After KSAT’s story in December about Escobedo and Johnson’s meeting, emails and calls poured in with people either looking for their rings or describing rings they’d found.
One of those people was Pamela Noel. She and her husband Arthur now live in Devine, Texas and have been in possession of someone’s class ring for 26 years. They were hoping to get it back to them.
Their son found the ring in Medina Lake in 2000, but they couldn’t find the owner, so they put it in a tin can.
“And then of course we relocated like three times from Texas to the northeast and back, and it stayed in that tin can with us,” Arthur Noel said. “And we were watching KSAT and saw Richard, and my wife’s like, ‘I’m going to contact him.’ And I said, ‘Good luck with that!’ She comes back and she goes, ‘You’re not going to believe this, they found the owner.’ I’m like, ‘You’ve got to be kidding me!’”
Gary Lochte stood laughing with Noel, recounting his side of the story.
“My son called me and said, ‘Dad, some guy’s calling you. He found your ring.’ I’m going, ‘What ring? Richard texted me the next day. He sent the photos, and I said, ‘That’s absolutely it,’” Lochte said.
Lochte held the rung up as he described it.
“This was Canyon High School which is at New Braunfels, Texas, 1971,” Lochte said. “So we’re about to have our 55th high school reunion. I remember the school emblem, red and white.

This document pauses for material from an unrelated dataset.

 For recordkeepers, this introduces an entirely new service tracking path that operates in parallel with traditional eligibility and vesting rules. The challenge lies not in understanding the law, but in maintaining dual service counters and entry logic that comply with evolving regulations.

I remembered the cougar, and I also vaguely remembered this little dent on the inside.”
He said his class will be thrilled to see the ring.
“We always looked out for each other,” Lochte said. “It was a small, small class and great friendships, and we’ve just maintained them over the years. It’s really remarkable, and I’m very blessed to have it now.”

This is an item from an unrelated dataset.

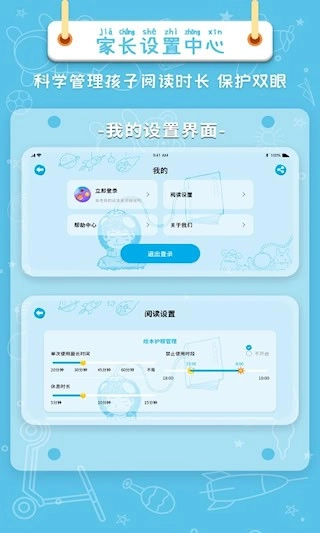 绘本星球软件的一大特色是使用时长管理功能。家长能够设置使用时间限制,一旦达到设定时长,软件就会自动开启休息模式,这样既能科学规划孩子的阅读时间,让孩子享受阅读乐趣,又能切实保护孩子的视力健康。

Lochte said to Noel, “It’s pretty amazing, and to think that it made so many trips back and forth, Texas, back and forth to the northeast, and then still ended up back in Texas at home, that’s remarkable!”
“Almost 7,000 miles of travel, yeah, and never was lost,” Noel said.
They agree it may be the start of a new friendship, as they continued to catch up long after the KSAT interviews were done.
It’s a memory 26 years in the making that, unlike a ring, can never be lost.
As for Escobedo, he’s still trying to find his ring. KSAT, along with the community, wants to help him.
He hopes everyone will keep an eye out for his ring, a John F. Kennedy High School ring with an oval green stone and rocket under the stone.
The ring has a rocket on one side and band instruments on the other side. His signature is inside the ring.
Anyone who thinks they’ve found Escobedo’s ring can reach out to him on Facebook, or email Courtney Friedman at cfriedman@ksat.com.
Escobedo also wants people to know the rings that owners don’t want, or that seem to be samples, are sold back to Alamo Antique Mall. Anyone searching for their ring can look there as well.